Re: Field for 'species' data?

Posted by Jack Krupansky <ja...@basetechnology.com>.
So, the immediate question is whether the value in the Solr source document 
has the full taxonomy path for the species, or just parts, and some external 
taxonomy definition must be consulted to "fill in" the rest of the hierarchy 
path for that species.

-- Jack Krupansky

-----Original Message----- 
From: Dan Bolser
Sent: Saturday, July 5, 2014 10:36 AM
To: solr-user@lucene.apache.org
Subject: Re: Field for 'species' data?

One requirement is that the hierarchical facet implementation marches
whatever the Drupal ApacheSolr module does with taxonomy terms.

The key thing is to add the taxonomy to the doc which only has one 'leaf'
term.
On 5 Jul 2014 15:01, "Jack Krupansky" <ja...@basetechnology.com> wrote:

> Focus on your data model and queries first, then you can decide on the
> implementation.
>
> Take a semi-complex example and manually break it down into field values
> and then write some queries, including filters, in English, that do the
> required navigation. Once you have a handle on what fields you need to
> populate, the analysis and processing details can be worked out.
>
> -- Jack Krupansky
>
> -----Original Message----- From: Dan Bolser
> Sent: Saturday, July 5, 2014 4:49 AM
> To: solr-user
> Subject: Re: Field for 'species' data?
>
> I'm super noob... Why choose to write it add a custom update request
> processor rather than an analysis pipeline?
>
> Cheers, Dan.
> On 5 Jul 2014 03:45, "Alexandre Rafalovitch" <ar...@gmail.com> wrote:
>
>  Do that with a custom update request processor.
>>
>> Just remember Solr is there to find things not to preserve structure. So
>> mangle your data until you can find it.
>>
>> Also check if SirenDB would fit your requirements if you want to encode
>> the
>> information as complex structure.
>>
>> Regards,
>>     Alex
>>
>>
> 


Re: Field for 'species' data?

Posted by Dan Bolser <db...@gmail.com>.
One requirement is that the hierarchical facet implementation marches
whatever the Drupal ApacheSolr module does with taxonomy terms.

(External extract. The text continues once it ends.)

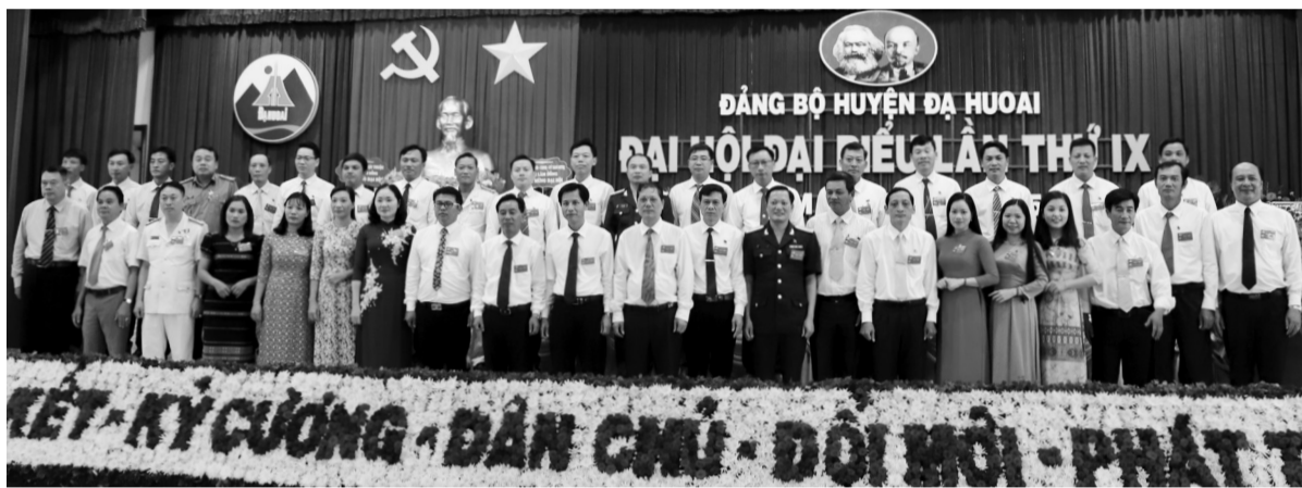
BCH Đảng bộ huyện Đa Huoai nhiệm kỳ 2020 - 2025 ra mắt đại hội.

được bầu vào BCH Đảng bộ huyện Đa Huoai nhiệm kỳ 2020 - 2025 là một tập thể đoàn kết, thống nhất về ý chí và hành động, có bản lĩnh chính trị vững vàng, phẩm chất đạo đức trong sáng, kiên định mục tiêu độc lập dân tộc và chủ nghĩa xã hội; tiêu biểu về trí tuệ, có tầm nhìn, tư duy đổi mới, sáng tạo; tiêu biểu cho toàn Đảng bộ về tính chiến đấu, tính kỷ luật, gắn bó mật thiết với Nhân dân, quy tụ được sự đoàn kết, thống nhất trong toàn Đảng bộ và đủ uy tín, năng lực lãnh đạo Đảng bộ huyện thực hiện thắng lợi Nghị quyết Đại hội Đảng bộ huyện nhiệm kỳ 2020 - 2025 đã đề ra.

The key thing is to add the taxonomy to the doc which only has one 'leaf'
term.
On 5 Jul 2014 15:01, "Jack Krupansky" <ja...@basetechnology.com> wrote:

> Focus on your data model and queries first, then you can decide on the
> implementation.
>
> Take a semi-complex example and manually break it down into field values
> and then write some queries, including filters, in English, that do the
> required navigation. Once you have a handle on what fields you need to
> populate, the analysis and processing details can be worked out.
>
> -- Jack Krupansky
>
> -----Original Message----- From: Dan Bolser
> Sent: Saturday, July 5, 2014 4:49 AM
> To: solr-user
> Subject: Re: Field for 'species' data?
>
> I'm super noob... Why choose to write it add a custom update request
> processor rather than an analysis pipeline?
>
> Cheers, Dan.
> On 5 Jul 2014 03:45, "Alexandre Rafalovitch" <ar...@gmail.com> wrote:
>
>  Do that with a custom update request processor.
>>
>> Just remember Solr is there to find things not to preserve structure. So
>> mangle your data until you can find it.
>>
>> Also check if SirenDB would fit your requirements if you want to encode
>> the
>> information as complex structure.
>>
>> Regards,
>>     Alex
>>
>>
>

Re: Field for 'species' data?

Posted by Jack Krupansky <ja...@basetechnology.com>.
Focus on your data model and queries first, then you can decide on the 
implementation.

Take a semi-complex example and manually break it down into field values and 
then write some queries, including filters, in English, that do the required 
navigation. Once you have a handle on what fields you need to populate, the 
analysis and processing details can be worked out.

-- Jack Krupansky

-----Original Message----- 
From: Dan Bolser
Sent: Saturday, July 5, 2014 4:49 AM
To: solr-user
Subject: Re: Field for 'species' data?

I'm super noob... Why choose to write it add a custom update request
processor rather than an analysis pipeline?

Cheers, Dan.
On 5 Jul 2014 03:45, "Alexandre Rafalovitch" <ar...@gmail.com> wrote:

> Do that with a custom update request processor.
>
> Just remember Solr is there to find things not to preserve structure. So
> mangle your data until you can find it.
>
> Also check if SirenDB would fit your requirements if you want to encode 
> the
> information as complex structure.
>
> Regards,
>     Alex
> 


Re: Field for 'species' data?

Posted by Dan Bolser <db...@ebi.ac.uk>.
I'm super noob... Why choose to write it add a custom update request
processor rather than an analysis pipeline?

Cheers, Dan.
On 5 Jul 2014 03:45, "Alexandre Rafalovitch" <ar...@gmail.com> wrote:

> Do that with a custom update request processor.
>
> Just remember Solr is there to find things not to preserve structure. So
> mangle your data until you can find it.
>
> Also check if SirenDB would fit your requirements if you want to encode the
> information as complex structure.
>
> Regards,
>     Alex
>

Re: Field for 'species' data?

Posted by Alexandre Rafalovitch <ar...@gmail.com>.
Do that with a custom update request processor.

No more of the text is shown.